Next, the interfaces and signals used in the FPGA@SDV design and relevant to this thesis are going to be described. Figure 4.11 shows the XDMA graphical representation in a BD from the FPGA@SDV Vivado project design.

#### Global signals

Table 4.2 contains the signals utilized in FPGA@SDV design.

| Signal name              | Type   | Description                               |
|--------------------------|--------|-------------------------------------------|
| <code>sys_clk</code>     | Input  | Internal system clock                     |
| <code>sys_clk_gt</code>  | Input  | PCIe reference clock                      |
| <code>sys_rst_n</code>   | Input  | PCIe reset                                |
| <code>axi_aclk</code>    | Output | PCIe output clock for AXI signals         |
| <code>axi_aresetn</code> | Output | AXI reset signal synchronous to AXI clock |

Table 4.2: Top-level signals name, type (input or output) and description.

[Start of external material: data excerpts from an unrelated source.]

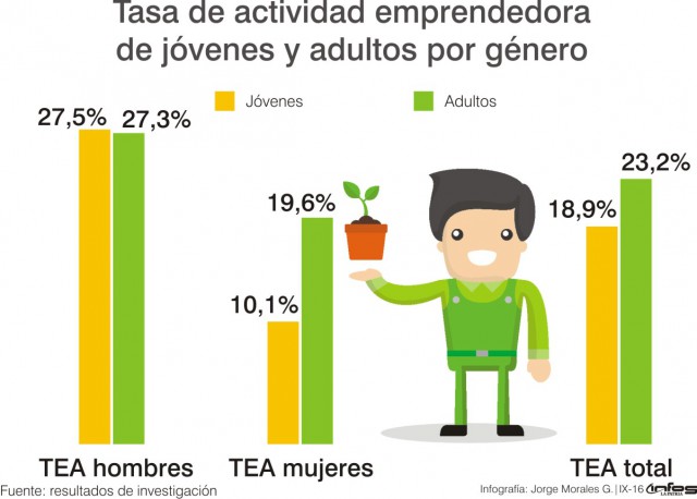 - "Encontramos que el emprendimiento femenino se da más en mujeres mayores de 40 años. Esto puede ser porque la mujer en sus primeros años de vida se dedica a su familia y luego decide emprender".
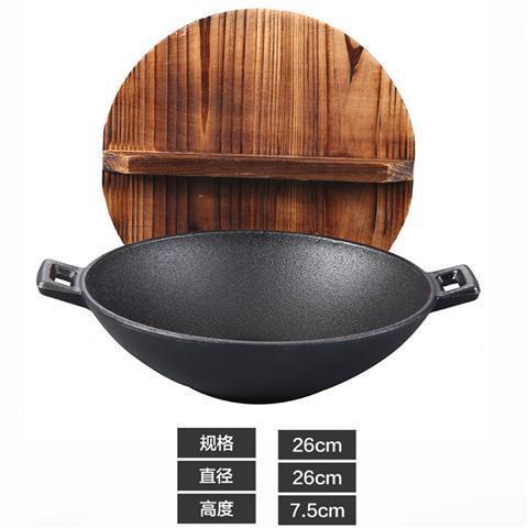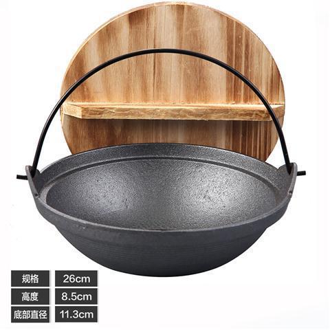 • 26cm 주철 나사형 냄비(나무 뚜껑 포함)
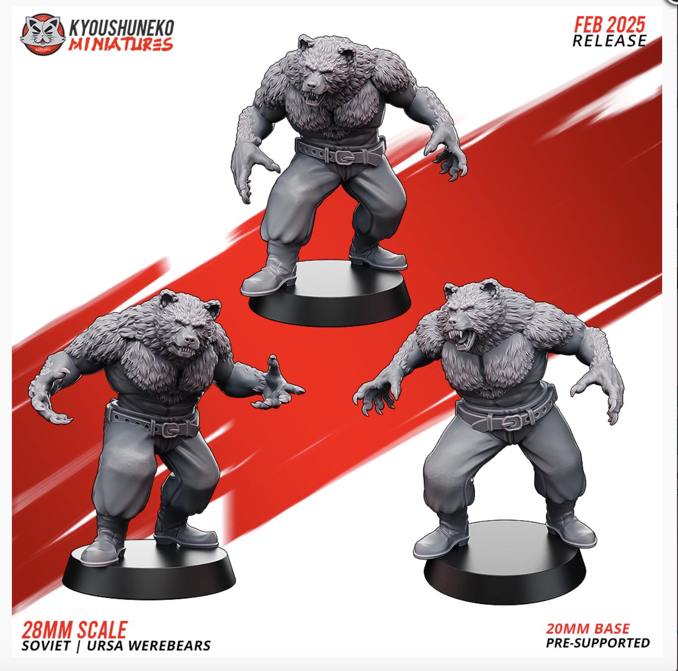 28mm Resin Printed Post-Modern Warfare - Soviet | Ursa Werebear ww2 Squad of 5

Source: [28].



Figure 4.9: XDMA DMA H2C Transfer flow chart, where **green** is the application program, **orange** is the driver, and **blue** is the hardware. Source: [28].

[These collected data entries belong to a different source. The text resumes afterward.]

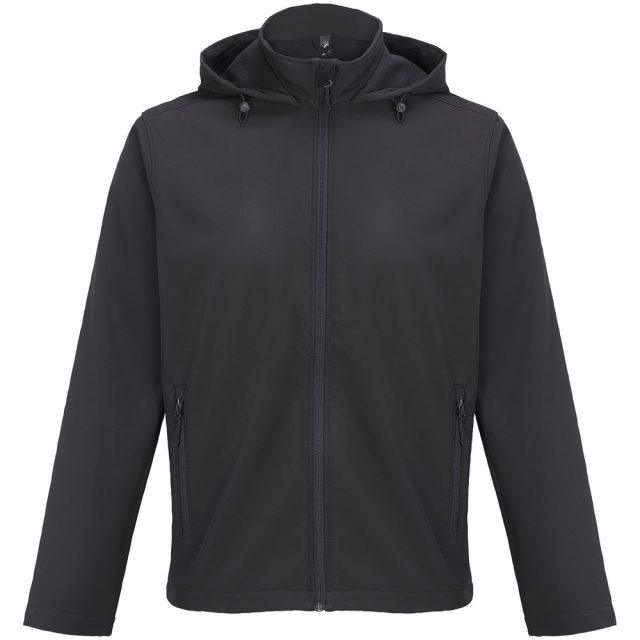 Мужская куртка софтшелл на молнии и с капюшоном.
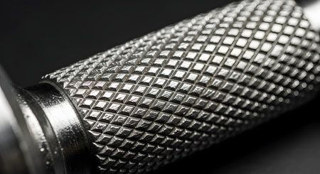 An extreme close-up, macro shot reveals the textured, knurled metal grip of a dumbbell or barbell handle. The intricate diamond pattern is designed for a secure grip, and the image conveys themes of strength, fitness, and weightlifting equipment.
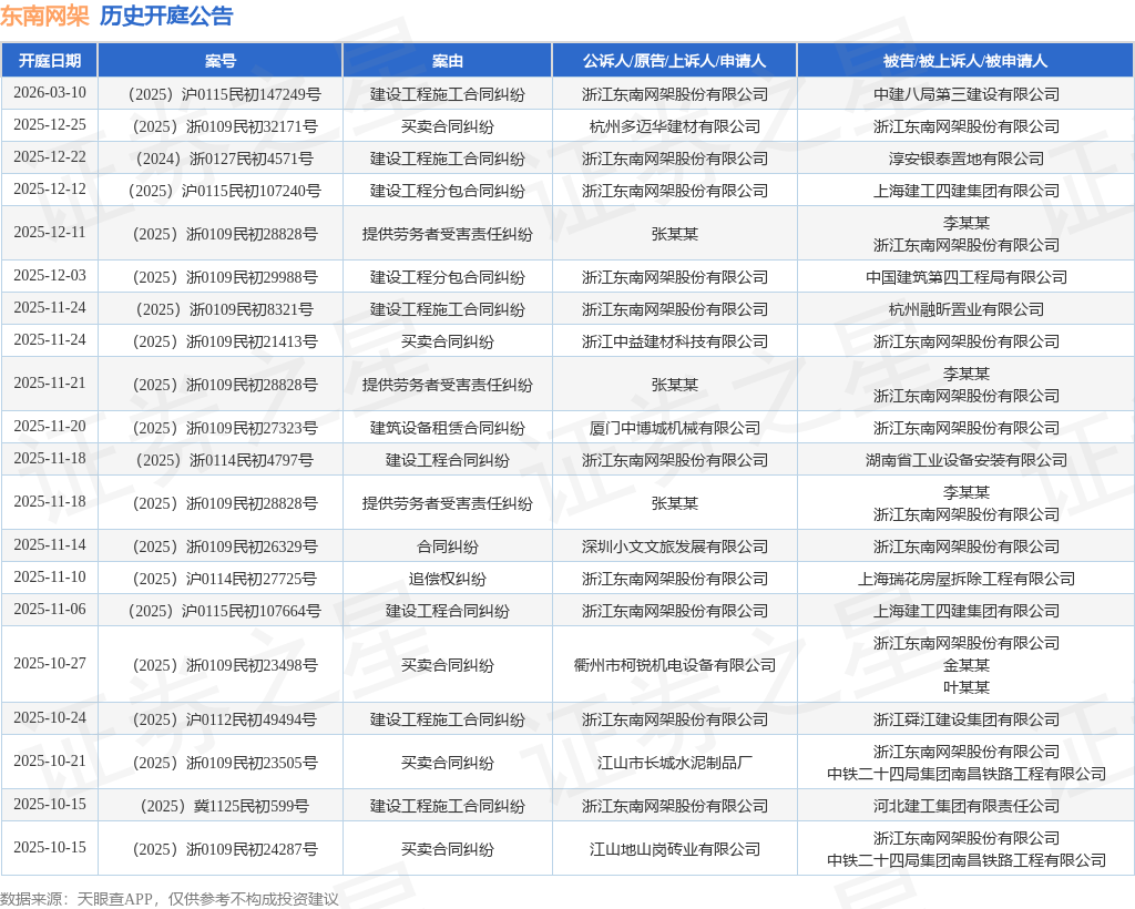 案号:(2024)浙0127民初4571号根据统计,近一年内以浙江东南网架股份有限公司为当事人的历史开庭公告有65则,其中案由为“建设工程施工合同纠纷”的公告以19则居首,其次为“买卖合同纠纷”有12则,“建设工程分包合同纠纷”有8则。历史开庭公告(前20条)如下:

Figure 4.10: XDMA DMA C2H Transfer flow chart, where green is the application program, orange is the driver, and blue is the hardware. Source: [28].



Figure 4.11: XDMA graphical representation in a BD from the Vivado GUI.

### PCIe interface

Table 4.3 exhibits the signals used in FPGA@SDV design. All those signals are grouped in Figure 4.11 under the name interface `pcie_mgt`.

| Signal name              | Type   | Description    |
|--------------------------|--------|----------------|
| <code>pci_exp_rxp</code> | Input  | PCIe RX serial |
| <code>pci_exp_rxn</code> | Input  | PCIe RX serial |
| <code>pci_exp_txp</code> | Output | PCIe TX serial |
| <code>pci_exp_txn</code> | Output | PCIe TX serial |

Table 4.3: PCIe interface signals name, type (input or output) and description. Source: [28].

#### 4.4.4 Driver

Xilinx provides a device driver for the XDMA IP that allows the host computer to access the FPGA and perform data transfers using the DMA engine. The driver runs at kernel space. Figure 4.12 represents the driver usage model in a Linux OS, which is the OS of the host CPU in Pickle nodes.



Figure 4.12: Linux kernel device driver usage model.

## 4.5 RDMA

The Remote Direct Memory Addressing (RDMA) protocol provides a DMA application to network protocols. It offers read and write services to user space applications and makes it possible to transfer data without intermediate data copies [29]. That allows data to be transferred between systems without involving the CPU, hence reducing the overhead and latency associated with traditional network protocols.

On the one hand, in traditional network protocols, such as TCP/IP, data must be copied multiple times between system memory and network buffers as it moves between layers. This copying process, handled by the CPU, can be time-consuming and introduce latency and performance overhead. On the other hand, in RDMA, the RDMA controller allows applications to directly access hardware and zero-copy data movement, which means that there is no CPU intervention.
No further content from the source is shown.